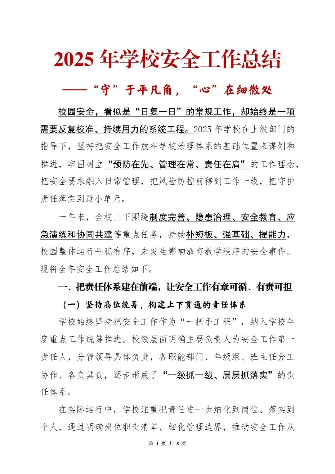 >2025年秋季学期安全工作总结:“守”于平凡角,“心”在细微处word版+PPT
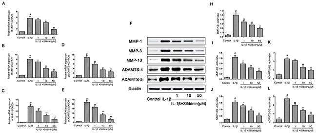 Figure 4: Effect of silibinin on IL-1β-induced MMP-1, MMP-3, MMP-13, ADAMTS-4 and ADAMTS-5 expression in human OA chondrocytes. Human OA chondrocytes were pretreated for 2 h with various concentrations of silibinin (1, 10, 50 μM) and then stimulated or not stimulated with IL-1β (10 ng/ml) for 24 h. The mRNA expression levels of MMP-1 (A), MMP-3 (B), MMP-13 (C), ADAMTS-4 (D) and ADAMTS-5 (E) were assayed by qRT-PCR. The protein expression levels of MMP-1, MMP-3, MMP-13, ADAMTS-4 and ADAMTS-5were determined by Western blot and quantification analysis (F-L). The values are mean ± SD. #p < 0.05 compared with control group, *p < 0.05, **p< 0.01 compared with IL-1β group. n=6
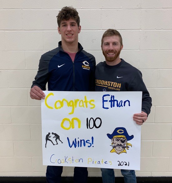 Crookston’s Ethan Boll stopped the ACGC winning streak with a win by pin in the second period. The win was Boll’s 100th career victory. “Ethan wrestled a nice match and had a beautiful takedown before getting the pin,” said Coach Hanson. “Ethan started wrestling at 138 pounds and to get 100 wins as a sophomore is a pretty impressive feat.”
◇ ◇ ◇ ◇
# THE PROBLEM
Where the line containing "Figure 4: Effect" appears, begin writing out the lines exactly, and continue through the end of the material above, omitting pictures.

# YOUR RESPONSE
 Figure 4: Effect of silibinin on IL-1β-induced MMP-1, MMP-3, MMP-13, ADAMTS-4 and ADAMTS-5 expression in human OA chondrocytes. Human OA chondrocytes were pretreated for 2 h with various concentrations of silibinin (1, 10, 50 μM) and then stimulated or not stimulated with IL-1β (10 ng/ml) for 24 h. The mRNA expression levels of MMP-1 (A), MMP-3 (B), MMP-13 (C), ADAMTS-4 (D) and ADAMTS-5 (E) were assayed by qRT-PCR. The protein expression levels of MMP-1, MMP-3, MMP-13, ADAMTS-4 and ADAMTS-5were determined by Western blot and quantification analysis (F-L). The values are mean ± SD. #p < 0.05 compared with control group, *p < 0.05, **p< 0.01 compared with IL-1β group. n=6
 Crookston’s Ethan Boll stopped the ACGC winning streak with a win by pin in the second period. The win was Boll’s 100th career victory. “Ethan wrestled a nice match and had a beautiful takedown before getting the pin,” said Coach Hanson. “Ethan started wrestling at 138 pounds and to get 100 wins as a sophomore is a pretty impressive feat.”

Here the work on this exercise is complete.